You can find the full version of this example script in example_scripts/product:

CONCURRENCY = 3
RANDOM_NUMBERS = 25_000.times.map { BigDecimal(rand * 2.78) }

class Productizer
  attr_accessor :product

  def initialize = self.product = 1
  def multiply(integer) = self.product *= integer
end

def multiply_all(productizer_class)
  productizers = CONCURRENCY.times.map { productizer_class.new }

  RANDOM_NUMBERS.each.with_index do |number, index|
    productizers[index % CONCURRENCY].multiply(number)
  end

  puts productizers.map(&:product).inject(:*)
  puts
end

puts "running non-ractorized productizer"
multiply_all(Productizer)

puts "running ractorized productizer"
multiply_all(Ractorize[Productizer])

We turned the Productizer class's instances into ractors by calling Ractorize[Productizer]. You can also ractorize individual objects with Ractorize[some_object].

Notice how, whether it's ractorized or not, we can just use the same exact interface? Fun!

You can find a script that benchmarks these the ractorized versus non-ractorized approach in example_scripts/product-benchmark.

Here's an example run of the product-benchmark script:

$ example_scripts/product-benchmark
benchmarking non-ractorized productizer
product is 0.568147e51
took 2.303 seconds

benchmarking ractorized productizer
/home/miles/gitlocal/ractor-shack/ractorize/src/ractorize/ractorized_object.rb:12: warning: Ractor API is experimental and may change in future versions of Ruby.
product is 0.568147e51
took 0.195 seconds

$

Gotchas

Predicate methods not ending in "?" will always return truthy values!

If you try to use the return value of a ractorized object (or any instance of a ractorized class) in a boolean expression, it will always be truthy!!

You need to instead call #__value__ on it to force it into the real value. This will make it block, but that's what you want anyways in such a situation.

Example:

class String
  def is_empty = empty?
end

if Ractorize["asdf"].is_empty
  puts "It's empty!"
else
  puts "It's not empty!"
end

This will incorrectly print out It's empty!! To make it work you can force it to block and wait for the actual value and use the actual value with the #__value__ method:

class String
  def is_empty = empty?
end

if Ractorize["asdf"].is_empty.__value__
  puts "It's empty!"
else
  puts "It's not empty!"
end

This will correctly print out It's not empty!.

Calling a method on a closed ractorized object might result in a deadlock!

It will usually raise a Ractor::CloseError but once in a while it can deadlock.

Note that if you call either #__close__ or #__join__ on the object, then the underlying ractor will be closed.

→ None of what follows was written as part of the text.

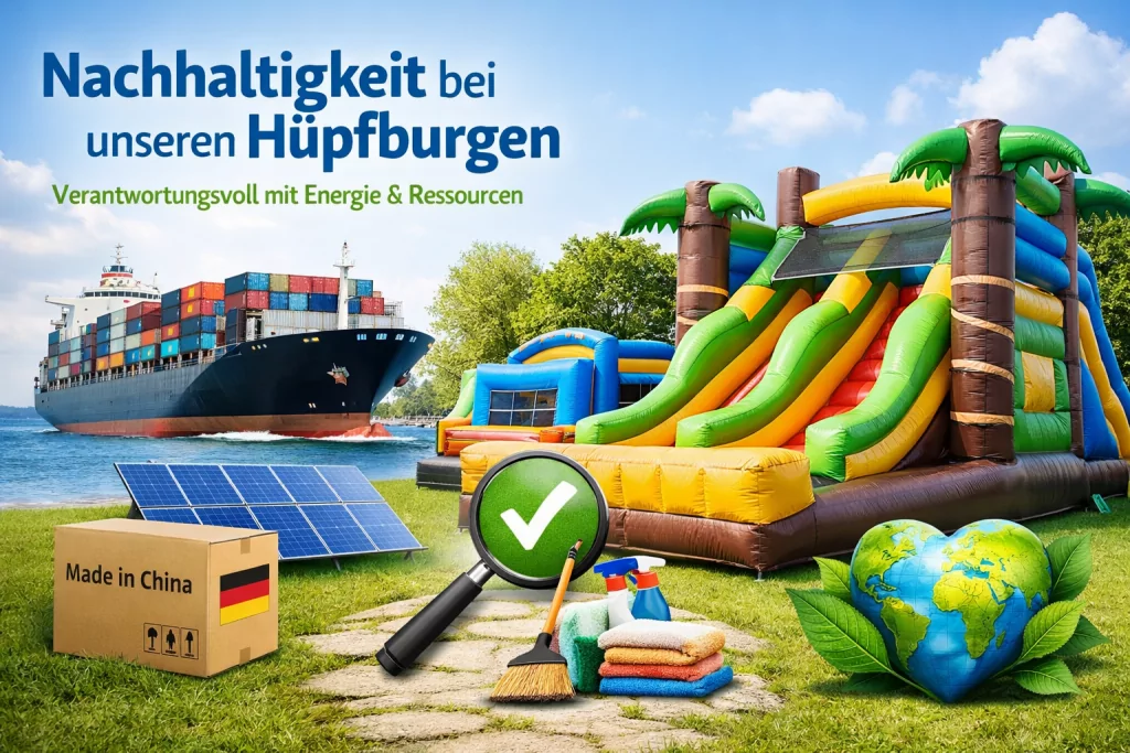 Unvergessliche Events und verantwortungsvolles Handeln müssen sich nicht ausschließen. Deshalb achten wir darauf, unsere Hüpfburgen und Eventmodule sorgfältig zu pflegen, regelmäßig zu kontrollieren und möglichst lange im Einsatz zu halten.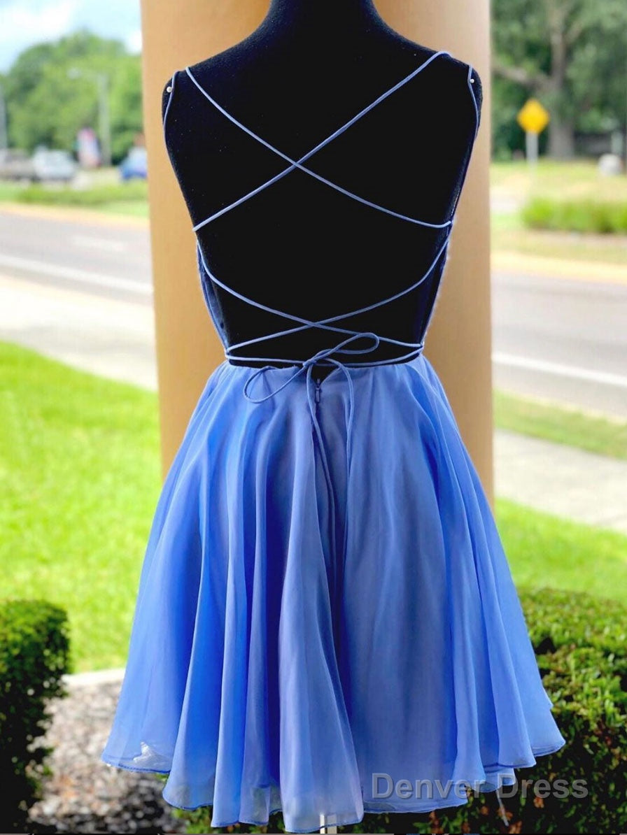 Blue Chiffon Beads Backless Short Prom Dress, Blue Homecoming Dress

An easy way to avoid the deadlock is just don't make any use of such an object after closing it.

Fine print

Ractors are still experimental and so this gem is also still experimental. Could be fun to experiment with, though! If you have questions or would like help with this gem, please reach out!

Contributing

Bug reports and pull requests are welcome on GitHub at https://github.com/ractor-shack/ractorize

You can run the linter and test suite locally by cloning this project, running bundle install and then rake or bundle exec rake if you need it.

License

This project is licensed under the MPL-2.0 license. Please see LICENSE.txt for more info.